= The task =
Line by line, repeat the material below exactly and leave the images out.

= Supplied data =
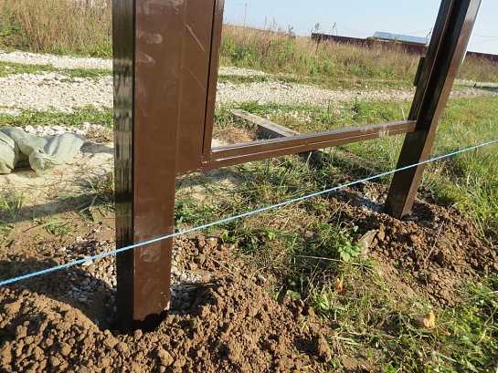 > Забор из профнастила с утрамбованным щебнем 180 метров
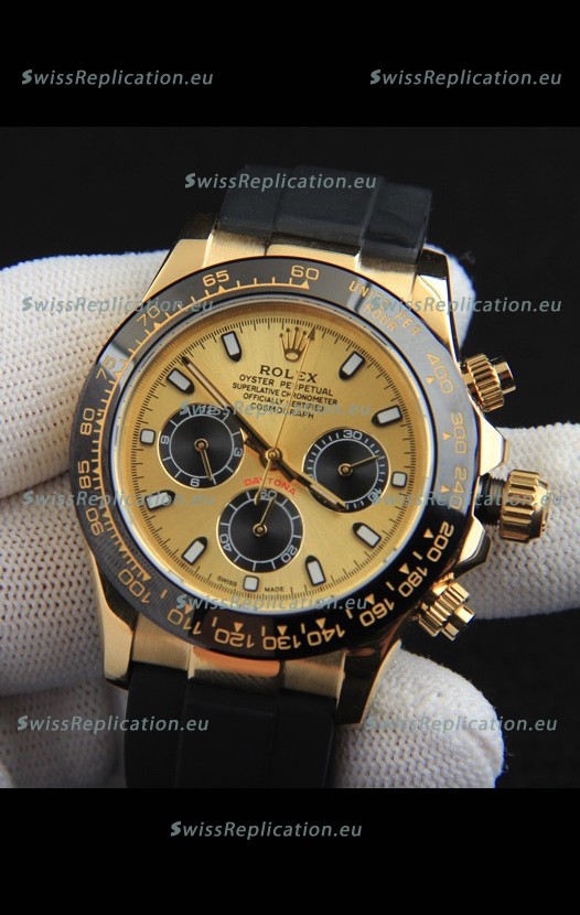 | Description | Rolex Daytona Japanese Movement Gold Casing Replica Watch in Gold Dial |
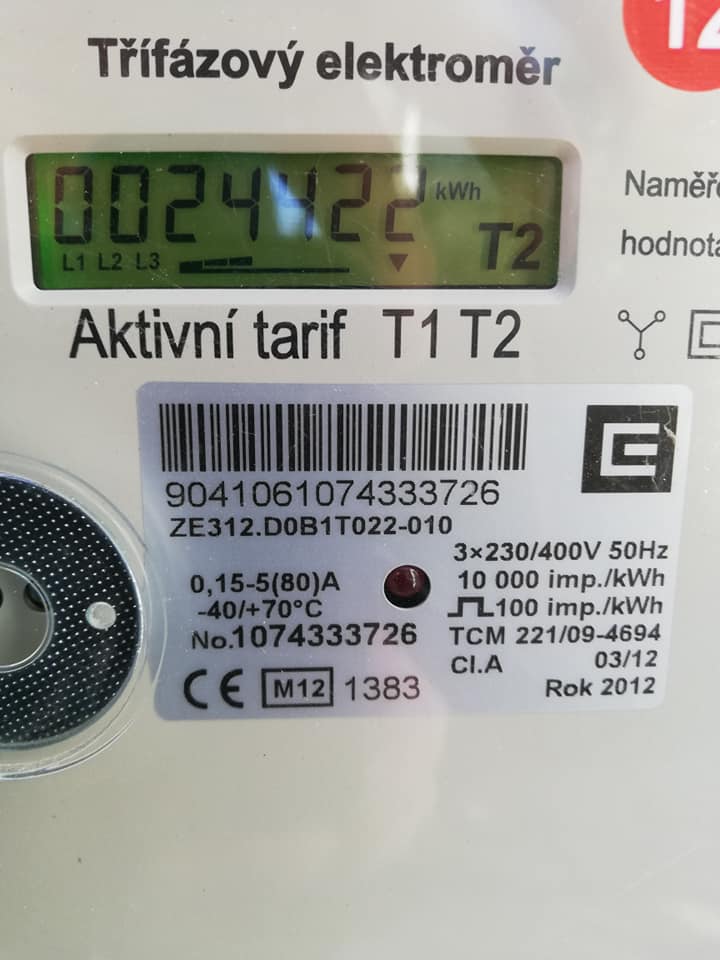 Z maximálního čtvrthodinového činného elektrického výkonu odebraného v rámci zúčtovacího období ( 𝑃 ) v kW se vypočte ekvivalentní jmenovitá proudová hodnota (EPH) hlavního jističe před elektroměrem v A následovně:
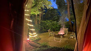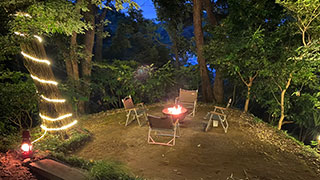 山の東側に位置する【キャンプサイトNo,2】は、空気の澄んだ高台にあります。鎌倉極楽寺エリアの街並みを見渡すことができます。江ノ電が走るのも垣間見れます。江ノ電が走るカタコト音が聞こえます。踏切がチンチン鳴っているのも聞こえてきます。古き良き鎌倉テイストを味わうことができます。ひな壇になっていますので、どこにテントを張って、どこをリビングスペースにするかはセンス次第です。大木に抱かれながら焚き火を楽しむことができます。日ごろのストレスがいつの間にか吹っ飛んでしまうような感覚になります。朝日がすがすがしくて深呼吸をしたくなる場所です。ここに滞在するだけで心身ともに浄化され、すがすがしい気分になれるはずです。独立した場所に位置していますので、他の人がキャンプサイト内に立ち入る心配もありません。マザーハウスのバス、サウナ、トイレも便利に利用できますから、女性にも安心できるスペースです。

= Solved problem =
 > Забор из профнастила с утрамбованным щебнем 180 метров
 | Description | Rolex Daytona Japanese Movement Gold Casing Replica Watch in Gold Dial |
 Z maximálního čtvrthodinového činného elektrického výkonu odebraného v rámci zúčtovacího období ( 𝑃 ) v kW se vypočte ekvivalentní jmenovitá proudová hodnota (EPH) hlavního jističe před elektroměrem v A následovně:
 山の東側に位置する【キャンプサイトNo,2】は、空気の澄んだ高台にあります。鎌倉極楽寺エリアの街並みを見渡すことができます。江ノ電が走るのも垣間見れます。江ノ電が走るカタコト音が聞こえます。踏切がチンチン鳴っているのも聞こえてきます。古き良き鎌倉テイストを味わうことができます。ひな壇になっていますので、どこにテントを張って、どこをリビングスペースにするかはセンス次第です。大木に抱かれながら焚き火を楽しむことができます。日ごろのストレスがいつの間にか吹っ飛んでしまうような感覚になります。朝日がすがすがしくて深呼吸をしたくなる場所です。ここに滞在するだけで心身ともに浄化され、すがすがしい気分になれるはずです。独立した場所に位置していますので、他の人がキャンプサイト内に立ち入る心配もありません。マザーハウスのバス、サウナ、トイレも便利に利用できますから、女性にも安心できるスペースです。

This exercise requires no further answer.